→ **ACTIVITY**
Transcribe every line of the material below exactly, leaving out the pictures.

→ **DATA SEGMENT**
⟨
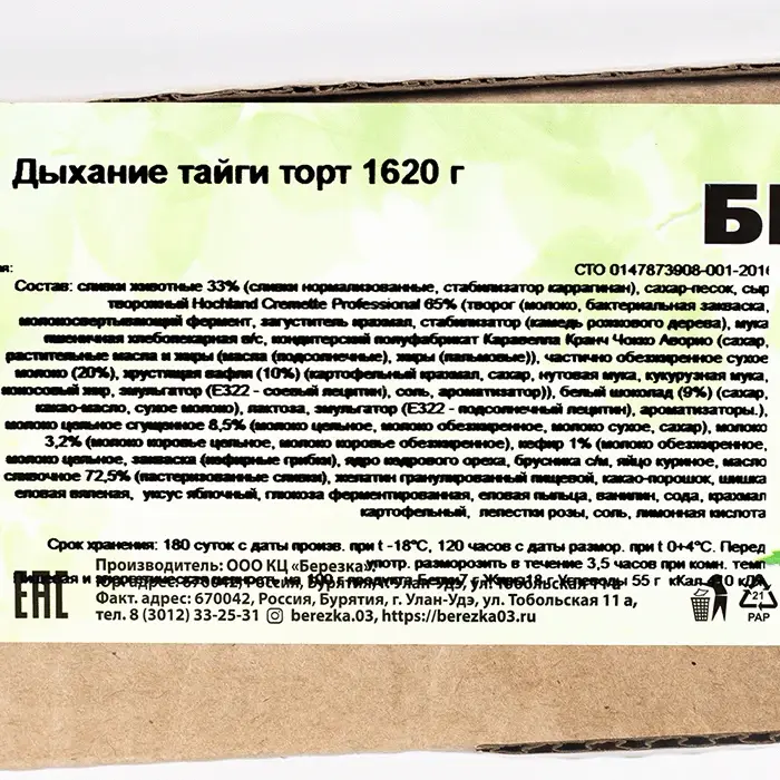 Торт Дыхание тайги «Березка», 12 порций, 1,62 кг
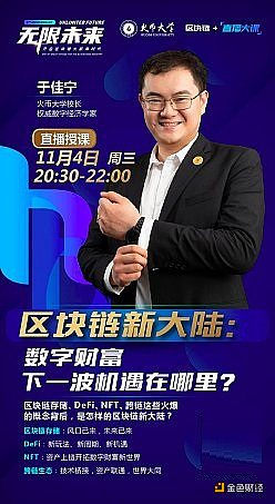 區塊鏈技術蓬勃發展,正成為數字經濟發展的關鍵基石。如果您想系統了解數字財富的新機遇和挑戰,敬請關注11月4日周三晚間20:30-22:00火幣大學直播大課
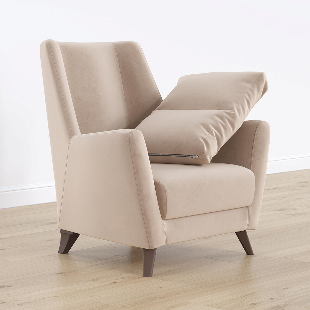 Высокие опоры. Визуально облегчают конструкцию и открывают доступ к уборке пространства под креслом.
⟩
→ **EXERCISE SOLUTION**
 Торт Дыхание тайги «Березка», 12 порций, 1,62 кг
 區塊鏈技術蓬勃發展,正成為數字經濟發展的關鍵基石。如果您想系統了解數字財富的新機遇和挑戰,敬請關注11月4日周三晚間20:30-22:00火幣大學直播大課
 Высокие опоры. Визуально облегчают конструкцию и открывают доступ к уборке пространства под креслом.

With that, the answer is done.